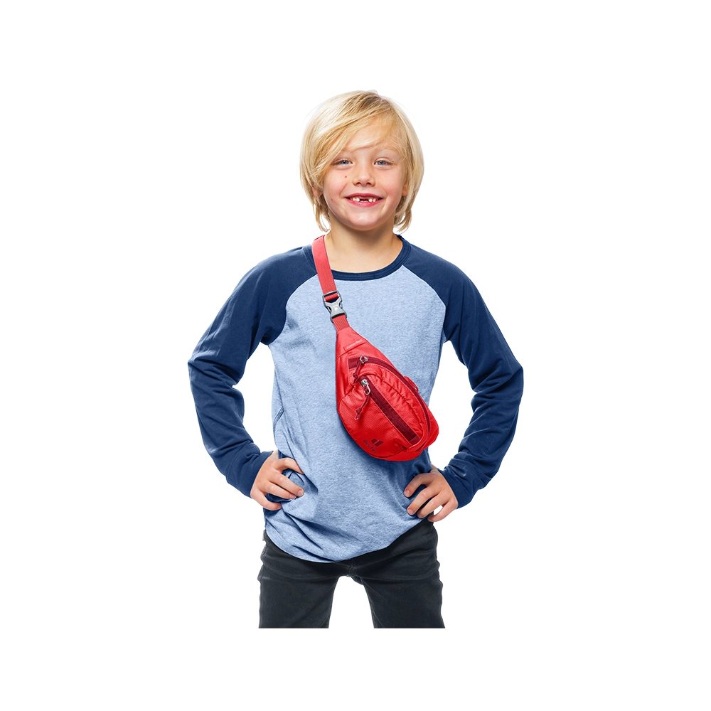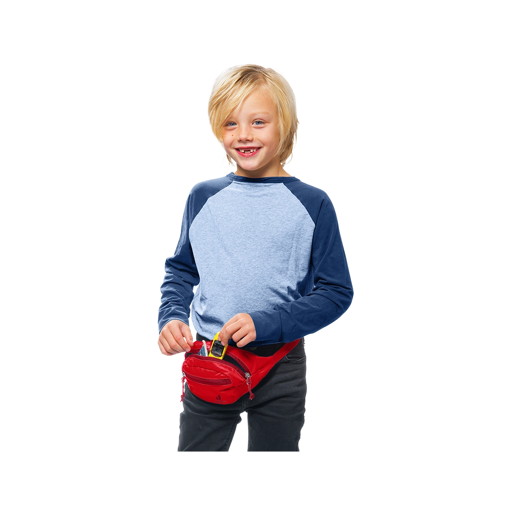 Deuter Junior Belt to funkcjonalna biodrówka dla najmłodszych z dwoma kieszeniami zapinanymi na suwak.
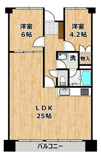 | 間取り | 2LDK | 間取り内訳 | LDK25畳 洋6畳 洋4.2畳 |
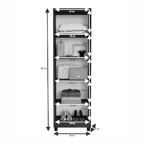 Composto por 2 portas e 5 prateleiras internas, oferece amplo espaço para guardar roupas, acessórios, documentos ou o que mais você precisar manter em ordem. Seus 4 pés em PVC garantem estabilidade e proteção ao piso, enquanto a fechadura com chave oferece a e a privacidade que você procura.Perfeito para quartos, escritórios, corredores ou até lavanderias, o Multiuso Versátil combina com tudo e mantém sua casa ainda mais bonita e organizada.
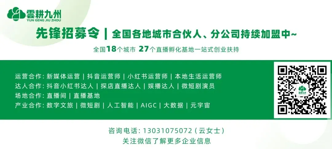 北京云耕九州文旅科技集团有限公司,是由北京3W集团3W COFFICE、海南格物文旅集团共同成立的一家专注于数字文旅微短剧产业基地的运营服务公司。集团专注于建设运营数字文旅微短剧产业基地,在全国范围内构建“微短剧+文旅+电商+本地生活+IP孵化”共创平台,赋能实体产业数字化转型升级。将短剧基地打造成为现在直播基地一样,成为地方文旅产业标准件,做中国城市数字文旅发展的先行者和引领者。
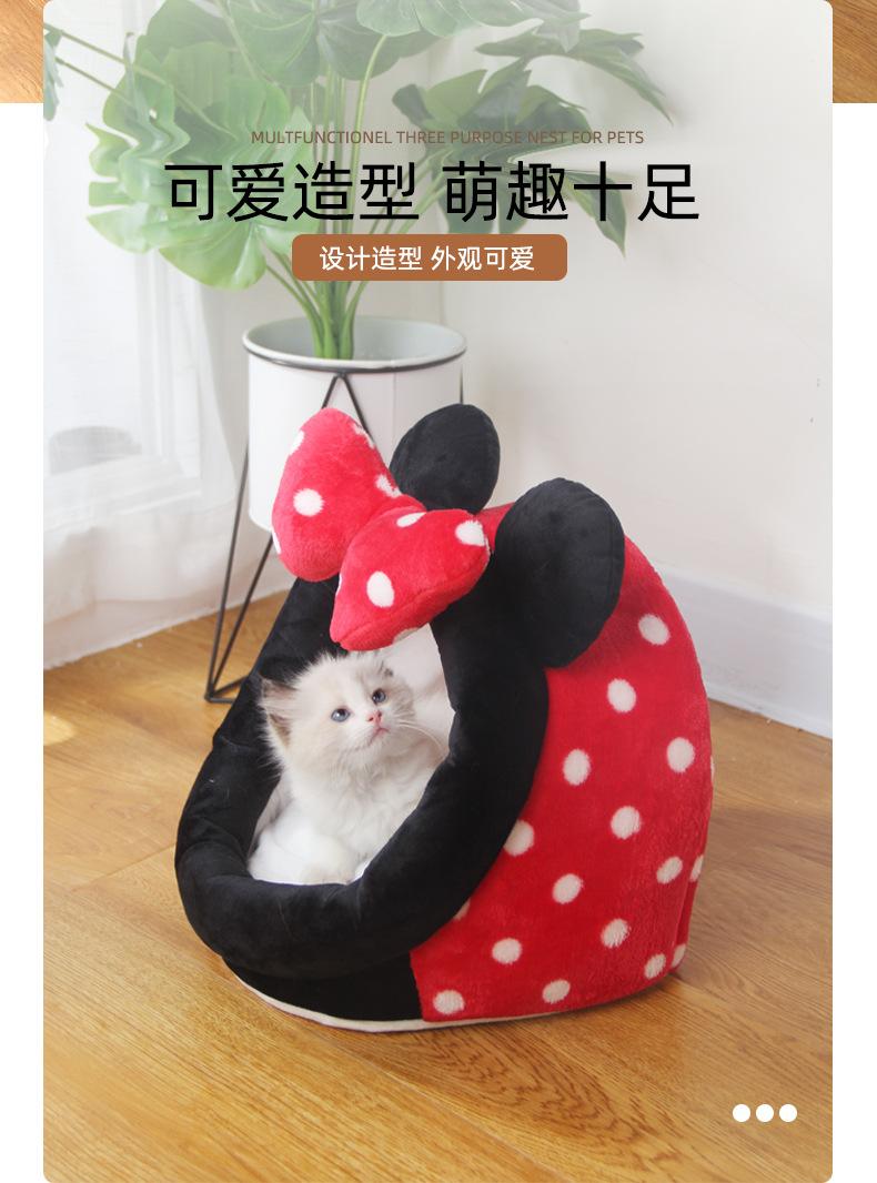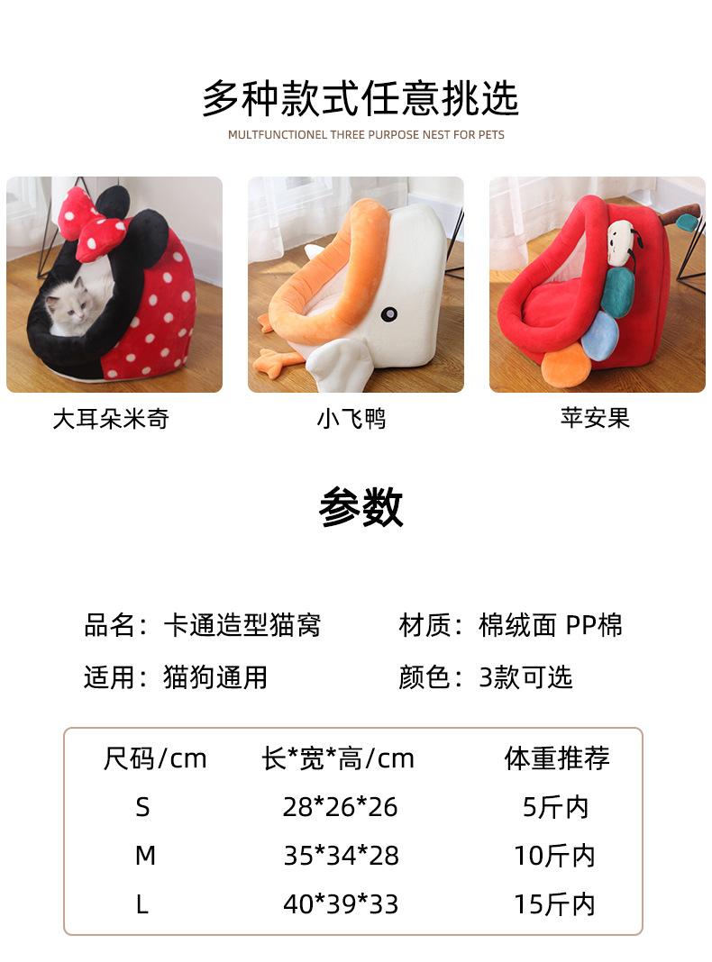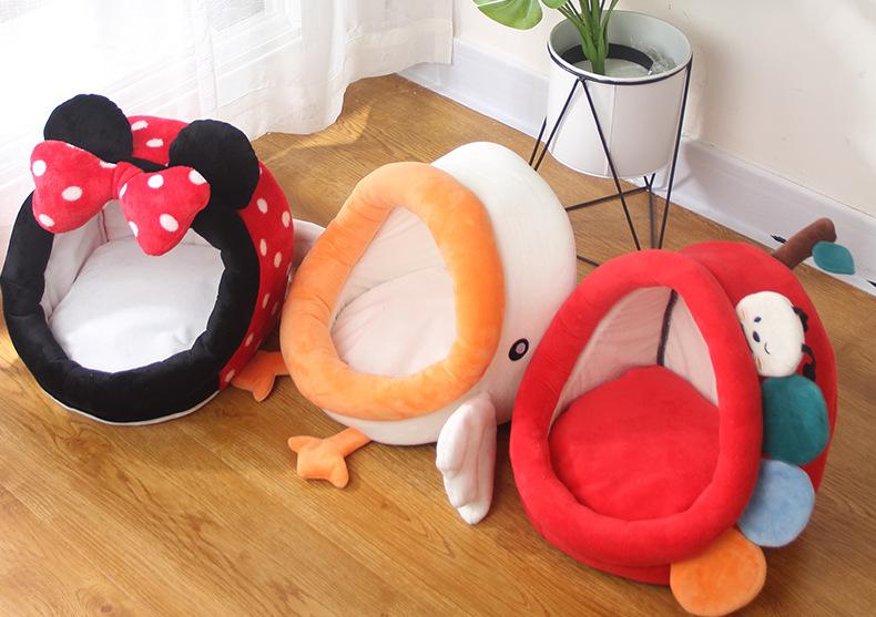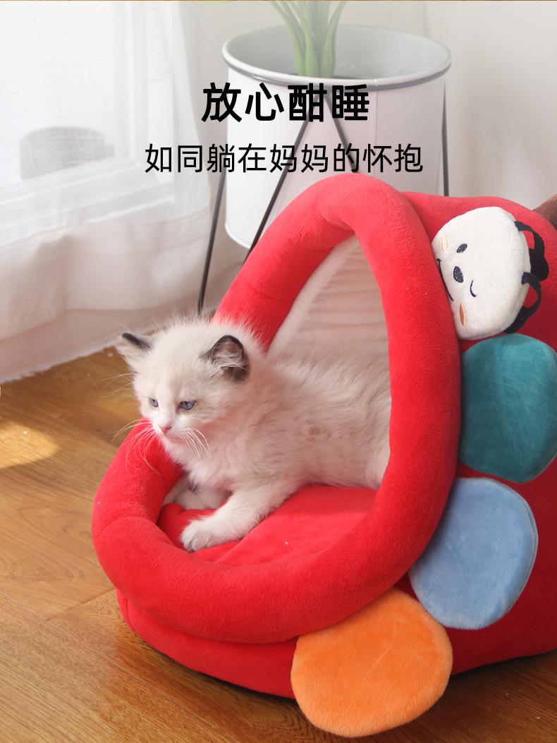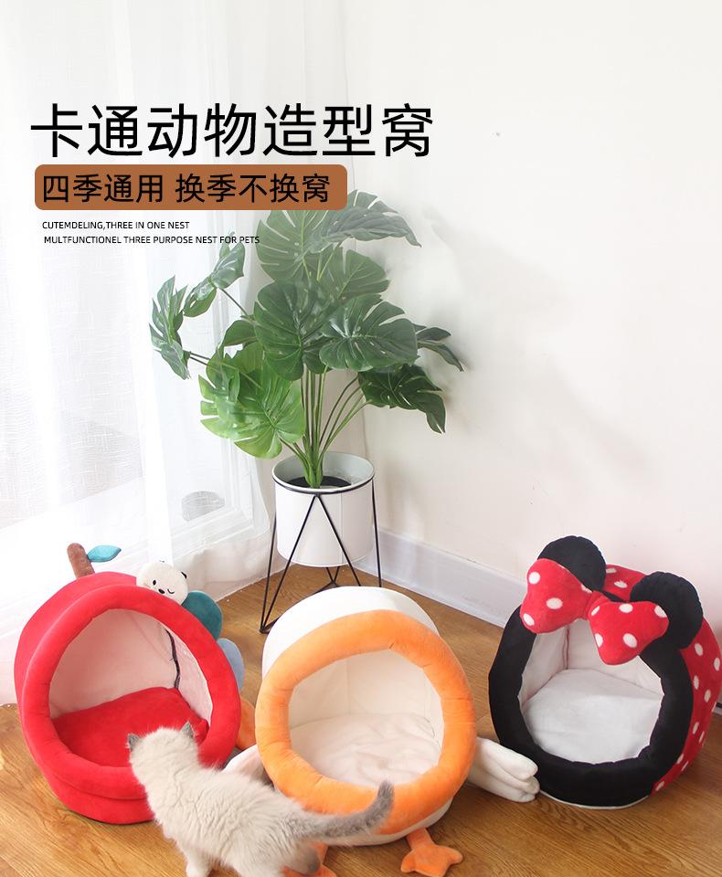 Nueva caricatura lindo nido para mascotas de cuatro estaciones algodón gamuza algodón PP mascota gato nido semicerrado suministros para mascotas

◆ ◆ ◆ ◆ ◆ ◆ ◆

Aim of the exercise: Your task is to transcribe exactly the lines from the one containing "Composto por 2" through the final line of the entries above, pictures excluded.

Response below:
 Composto por 2 portas e 5 prateleiras internas, oferece amplo espaço para guardar roupas, acessórios, documentos ou o que mais você precisar manter em ordem. Seus 4 pés em PVC garantem estabilidade e proteção ao piso, enquanto a fechadura com chave oferece a e a privacidade que você procura.Perfeito para quartos, escritórios, corredores ou até lavanderias, o Multiuso Versátil combina com tudo e mantém sua casa ainda mais bonita e organizada.
 北京云耕九州文旅科技集团有限公司,是由北京3W集团3W COFFICE、海南格物文旅集团共同成立的一家专注于数字文旅微短剧产业基地的运营服务公司。集团专注于建设运营数字文旅微短剧产业基地,在全国范围内构建“微短剧+文旅+电商+本地生活+IP孵化”共创平台,赋能实体产业数字化转型升级。将短剧基地打造成为现在直播基地一样,成为地方文旅产业标准件,做中国城市数字文旅发展的先行者和引领者。
 Nueva caricatura lindo nido para mascotas de cuatro estaciones algodón gamuza algodón PP mascota gato nido semicerrado suministros para mascotas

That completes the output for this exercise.